» Task to carry out
No pictures go in the copy; retype exactly the lines from the one with "La Jolla Village Drive" through the last line of the records.

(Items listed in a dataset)

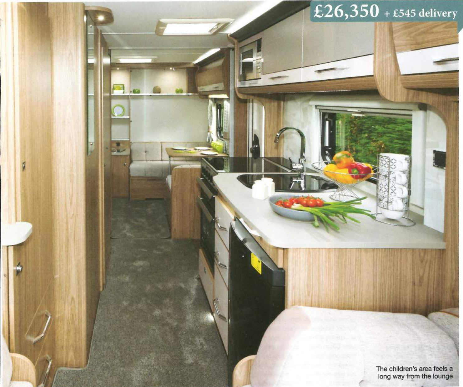
The children's area feels a long way from the lounge

parents aren't particularly tall, they have the option to use the lounge as single beds – or enjoy the luxury of a large double bed.
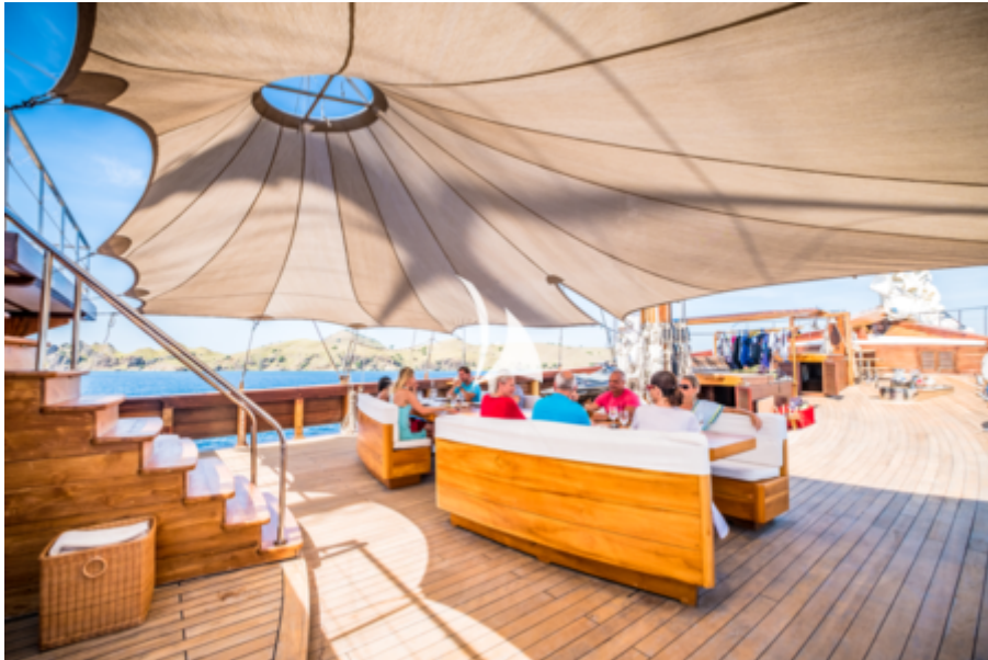
On deck dining
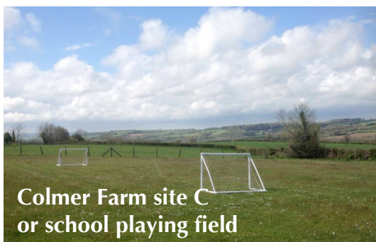
Colmer Farm site C or school playing field

At this meeting the committee expects to present their efforts in forming the CLT and progressing the project as swiftly as possible to take full advantage of possible sources of finance.
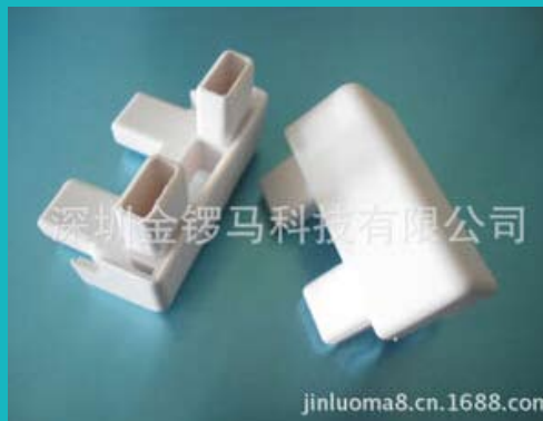
Plastic accessories for LED lamps
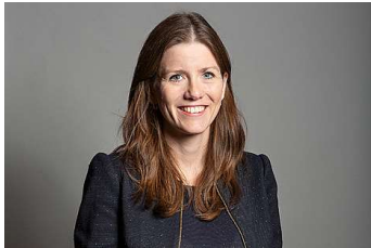
The Rt Hon Michelle Donelan MP

Secretary of State for Science, Innovation and Technology
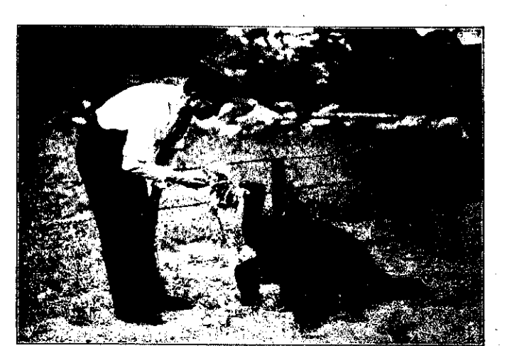
GIANT TORTOISE FROM THE GALAPAGOS ISLANDS. THE TORTOISES ARE THE MOST INTELLIGENT OF ALL THE ANIMALS.

Government and shipped to the Wichita Game Preserve in Oklahoma. The So-ciety interested the Government in its ciety interested the Government in its plan to attempt the preservation of this greatest of all American game animals by once more restoring to their native habitat specimens of a vanishing vacc. Eight thousand acres have been fenced, and when the bison are acclimatised, they will roam over it as they once did, but now under the protection of "Uncle Sam." The following census,
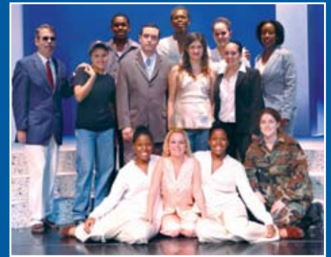
The cast of The Burial at Thebes
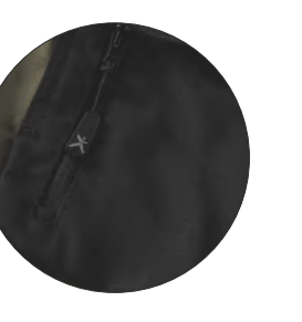
Thigh pockets for your most important utensils
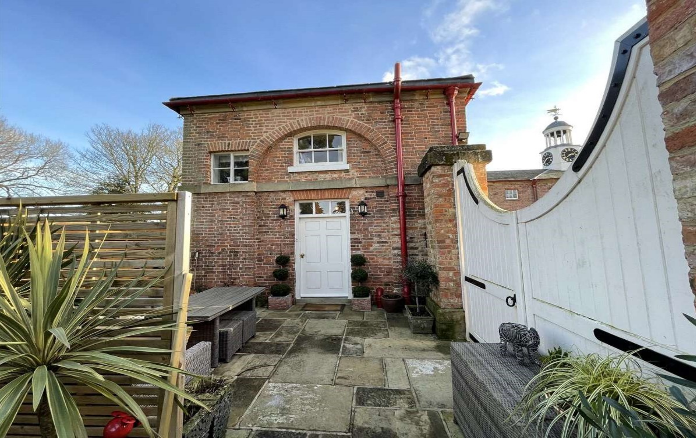
IVY COTTAGE, RIBSTON ESTATE, LITTLE RIBSTON, LS22 4EZ £1,895 per month
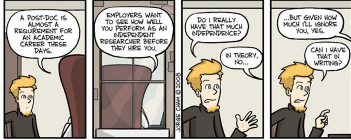
WWW. PHDCOMICS. COM

A good postdoc gets involved in many opportunities, is delegated a lot of responsibility and contributes significantly to shaping the projects at IAMT. This also means giving a lot of feedback to students and no longer just being friend and peer but becoming 'boss' and this takes a bit of getting used to. Demands on time get rapidly more and soon the ability to prioritize and manage the many opportunities and responsibilities will determine success.
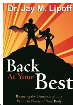
Chiropractic & Physical Therapy, LLC, which is
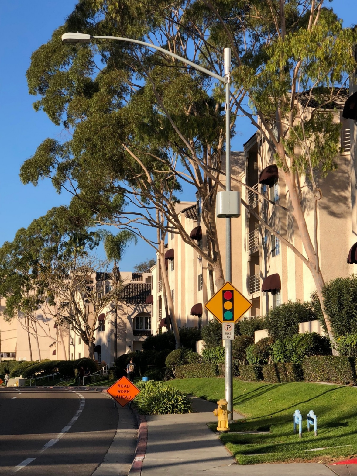
La Jolla Village Drive

inches from the pole in any direction, unless the antenna is top-mounted, then the antenna and/or shroud may extend up to 48 inches above the highest point of the cobra-arm mounted luminaire.
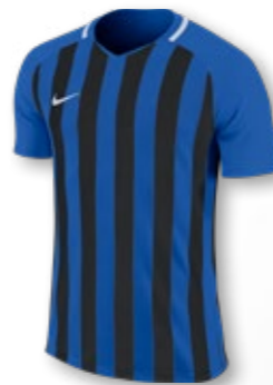
Royal Blue/Black Men's 894081 - 463
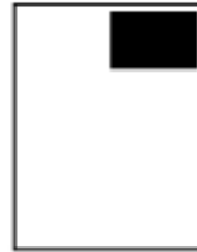
1/8 Pg. 3 1/3" x 2 1/2"
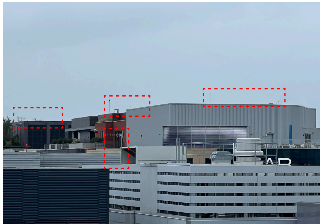
G: 1 M ST SE
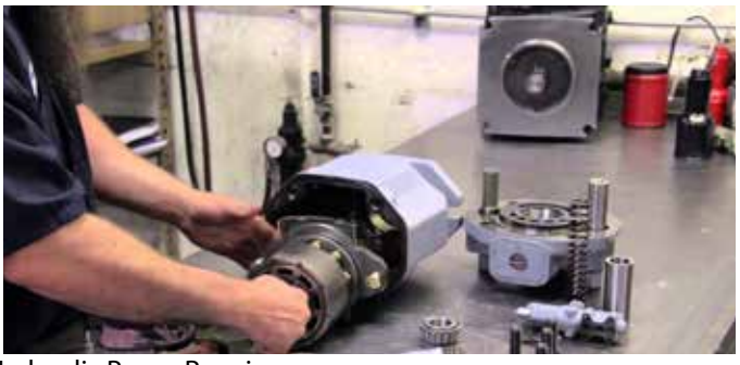
Hydraulic Pump Repair

engine, aux engine, Hydraulic Motor, Hydraulic Cylinder, pumps, Gearbox, Hydraulic Winch, boiler, crane, deck machinery.
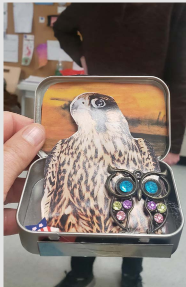
Art created by Flagship students
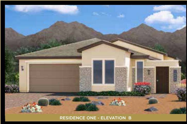
RESIDENCE ONE - ELEVATION B
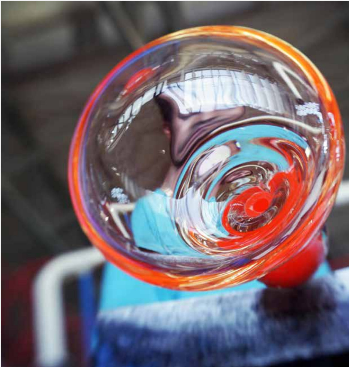
Glass-making at one of Şişecam's production facilities in Turkey.
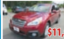
2013 SUBARU OUTBACK WAGON 4 DR. AUTO #3554
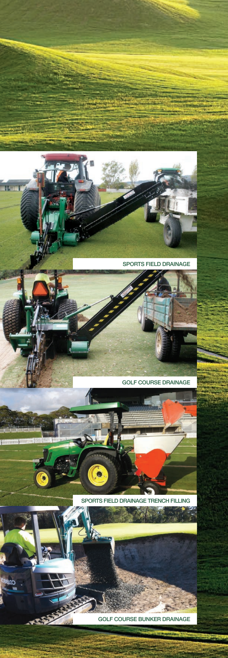
SPORTS FIELD DRAINAGE
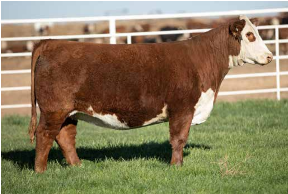
LOT 124 BR JAN 2027
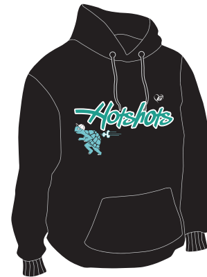
SS-BLK LOGO-TEAL ON WHI
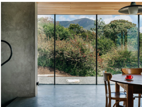
CASCADE HOUSE CORE COLLECTIVE ARCHITECTS
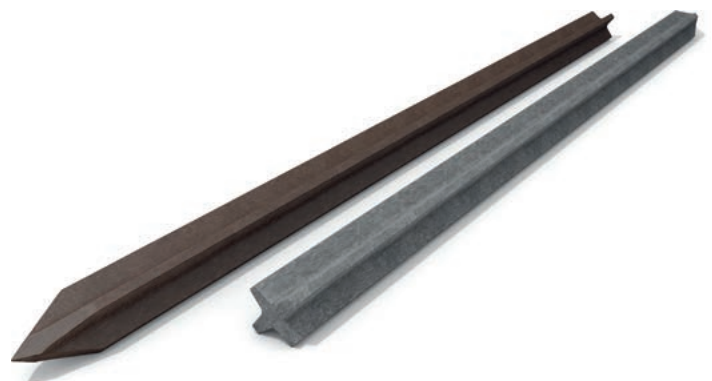
■ Grey ■ Brown

» Response area
La Jolla Village Drive

inches from the pole in any direction, unless the antenna is top-mounted, then the antenna and/or shroud may extend up to 48 inches above the highest point of the cobra-arm mounted luminaire.
Royal Blue/Black Men's 894081 - 463
1/8 Pg. 3 1/3" x 2 1/2"
G: 1 M ST SE
Hydraulic Pump Repair

engine, aux engine, Hydraulic Motor, Hydraulic Cylinder, pumps, Gearbox, Hydraulic Winch, boiler, crane, deck machinery.
Art created by Flagship students
RESIDENCE ONE - ELEVATION B
Glass-making at one of Şişecam's production facilities in Turkey.
2013 SUBARU OUTBACK WAGON 4 DR. AUTO #3554
SPORTS FIELD DRAINAGE
LOT 124 BR JAN 2027
SS-BLK LOGO-TEAL ON WHI
CASCADE HOUSE CORE COLLECTIVE ARCHITECTS
■ Grey ■ Brown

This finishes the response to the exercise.